• not: klişe ve genellemelerden bir kesit sunulmuştur. yoksa sizin hayatınızda böyle klişelere yer yok biliyorum..

    bölüm 1 / perde 1

    kadın: buraya en son x'le gelmiştim?
    erkek: hmm.
    kadın: ya bu arada.. geçen sefer söyleyemedim, sürprizin için çok teşekkür ederim. ben bile bulamazdım öylesini, üstelik konuya daha mutabık olmama rağmen.. benim için çok anlamlıydı, gerçekten çok teşekkür ederim.
    erkek: rica ederim, beğeneceğini biliyordum.
    kadın: senin de var mıdır böyle şeylere ilgin?
    erkek: var diyemem. ama ne yalan söyleyeyim sen hakkında bu kadar bilgi sahibi olup, uzun uzun iştahla anlatınca merak etmedim değil. esasen böyle şeylere ilgin olması şaşırttı beni. ne bileyim, pek öyle durmuyorsun da.

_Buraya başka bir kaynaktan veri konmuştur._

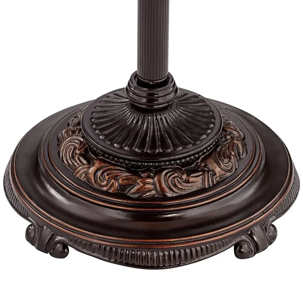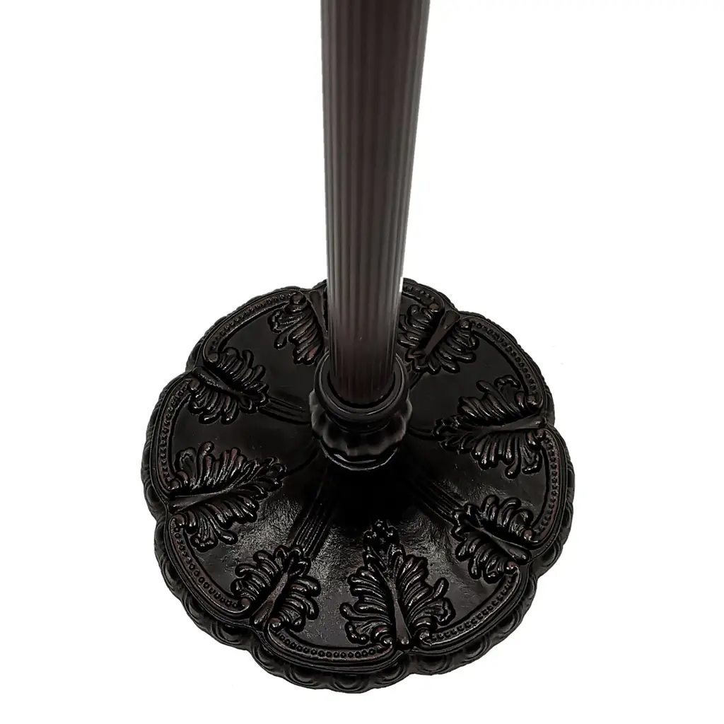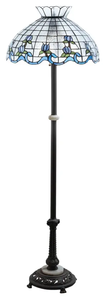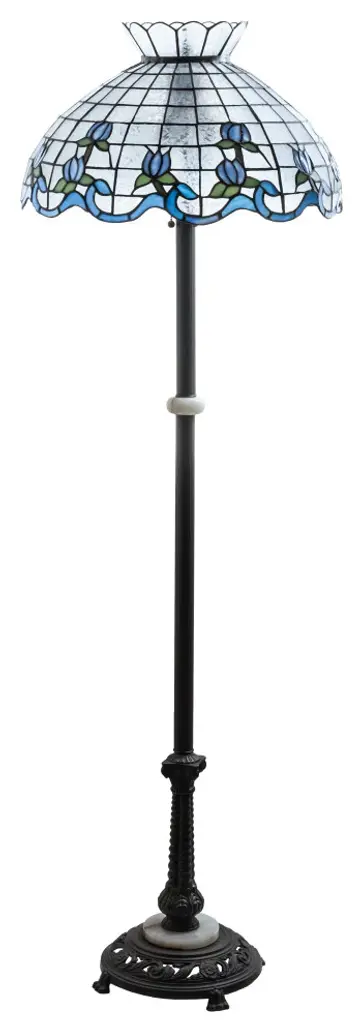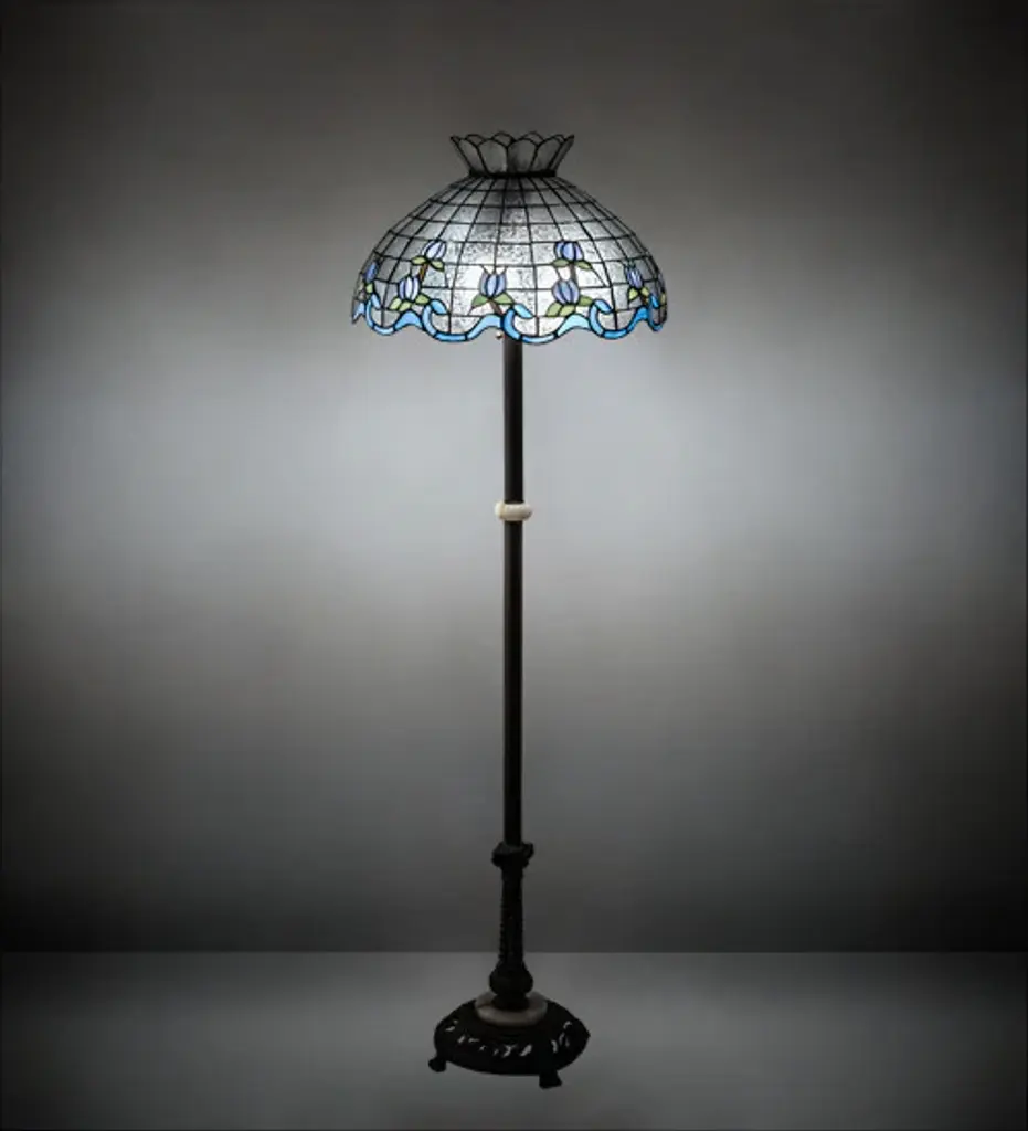 The Roseborder Floor Lamp features an elegant crowned shade highlighted with a gridwork of Winter-kissed Icy Clear Fern Glass adorned with a Sky Blue colored border of swirling ribbons and perfect Blue rosebuds accented with Green Leaf accents. Our Tiffany styled stained glass shade is created using the famous Meyda Tiffany copperfoil construction. The shade is paired with a handsome floor base featured in a Mahogany Bronze finish. UL and cUL listed for dry locations. Each shade is a unique work of art with color variations based on natural ingredients inherent in the glass. Contact us if color matching is critical when ordering multiple items.

    benim dayanamayan iç ses: ''pek öyle durmuyorsun da''.. bu kilit laftır. muhabbet açar. kadın ''aa ne alakası var canım'' diyerek muhahkkak aksini ispatlamaya çalışır. atışmalar, tatlı tatlı sürtüşmeler, eh kikirdeşmelerle de devam eder nihayetinde. neyse sevdim ben sizi ayol. devam edin bakalım.

    e: .... sever miydin bu arada?
    k: esasen ben pek anlamam şaraplardan. eşlik etmek dışında bir merakım yok. ihi.
    e: beni yeterince tanıdığını düşünüyor musun?
    k: hayır.
    e: ....
    k: alındın mı?
    e: ...

    bölüm 1 / perde 2

    e: seni sıkmıyorum değil mi?
    k: yoo. nereden çıkardın bunu?
    e: ne bileyim hiç renk vermiyorsun da. mesela.. sanki ilk başta bana olan o şey sana olmamış gibiydi.
    k: nereden anladın?
    e: hiç ilgilenmemiştin de.. bir şey soruyordum kısa cevaplarla geçiştiriyordun. muhabbet kurmak istemez gibi. ben de yanlış anladım..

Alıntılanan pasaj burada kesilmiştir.